Miramar, One of Largest Military Microgrid Projects, Readies to Show How It’s Done

July 8, 2016
Miramar, one of the most-watched U.S. miltary microgrid projects, is getting ready to demonstrate that today’s microgrids are about a whole lot more than just back-up power.

Photo By: Cpl. Alissa Schuning

Miramar, one of the most-watched U.S. miltary microgrid projects, is getting ready to demonstrate that today’s microgrids are about a whole lot more than just back-up power.

That was the word from Mick Wasco, installation energy manager at the Marine Corps Air Station (MCAS) Miramar in San Diego, in an interview this week, following announcement that the Department of Defense had selected Black & Veatch and Schneider Electric to develop the microgrid.

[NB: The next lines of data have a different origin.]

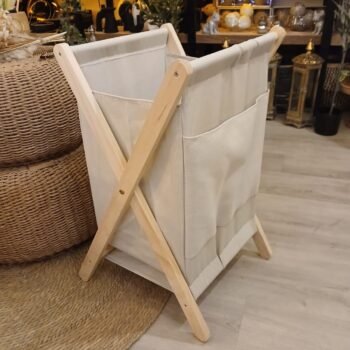 3 cuotas s/interés de $22653 -20℅ off en efectivo $54368Canasto plegable para ropa de madera con tela.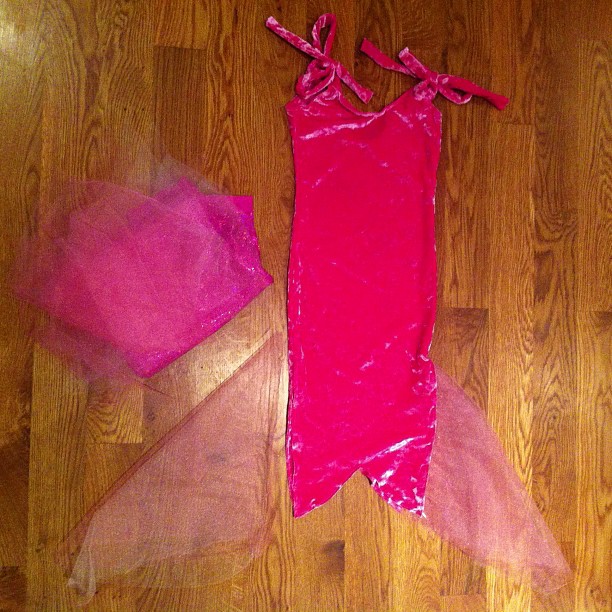 Day 284 – I looked through my fabric stash and found some pink velvet that I bought over 5 years ago when Adin was obsessed with pink. Now little Stella will have a simple, pink mermaid costume.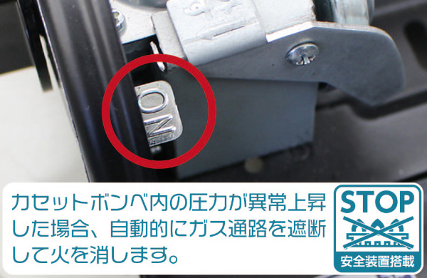 カセットボンベ内の圧力が異常上昇した場合、自動的にガス通路を遮断して火を消す圧力感知安全装置が付いています。

With $20 million in Congressional funding, the San Diego naval base is building one of the largest military microgid projects. As such, Miramar is a frequent topic at industry gatherings, especially since release of its solicitation for a microgrid developer about two years ago.

No military microgrid has received more money from Congress to date. And Wasco would like to see that money put to use not only enhancing military energy security, but also showing what an advanced microgrid offers the larger central grid.

“What I’m really looking forward to is the collaboration with the California Energy Commission, the California Public Utilities Commission and the California ISO,” Wasco said. “This may only be 7 MW of generation, which is really a drop in the bucket compared to what the state needs to stabilize the grid. But my proposition to these organizations is that the government is spending money on energy security to make its own grid redundant and secure. There is no reason why we can’t multipurpose those assets to support the grid and make the grid more distributed.”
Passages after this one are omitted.